WHY MUSEUMS STRUGGLE FOR PROFESSIONAL AWARDS
Awards in the museum community aren’t necessary, but are desirable. First of all, awards promote development and, secondly, they attract the society’s attention to the museum sector.
The advantages for museums participating in such events are obvious: it’s an opportunity to increase the institution’s rank, make the museum’s name stand out among hundreds of others, attract visitors and possibly get decent prize money.
Organizers of the European Museum of the Year Award (EMYA), the most prestigious award of this kind in Europe, assert that public recognition has positively influenced the life of many museum employees and focused attention on small museums with innovative content that would otherwise hardly become famous at the continental level. That being said, only museums that opened not more than three years ago or carried out a substantial upgrading and reconstruction may participate in EMYA. In 2015, the grand prize-winner was the Rijksmuseum of the Netherlands, which had temporarily been closed for visitors due to a complete renovation.
The prize money, usually provided by organisers of such events, is crucial. For instance, the Art Fund’s Museum of the Year award has a prize in the amount of £100,000. In 2015, the award was received by the Whitworth Art Gallery of the University of Manchester, which had previously undergone a major renovation.

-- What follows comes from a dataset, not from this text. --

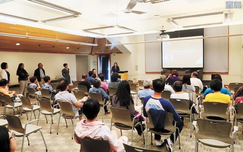 美国加州圣塔克拉利塔县图书馆萨拉托加分馆放映电影《排华法案》。 (美国《星岛日报》/王庆伟 摄)

Some awards in the museum community are intended provide information about benefits provided by the winner. For example, the relatively “young” Children in Museums Award, established by the European Museum Academy, reviews museum exhibitions from the standpoint of their adaptation for children. The best of the best are museums with an innovative approach that are interesting for children under 14. In 2014 the National Museum of Denmark won the award. Its representative Marianne Bergman states this award enabled the museum to attract more attention not only to its work with children, but to the quality of that work as well.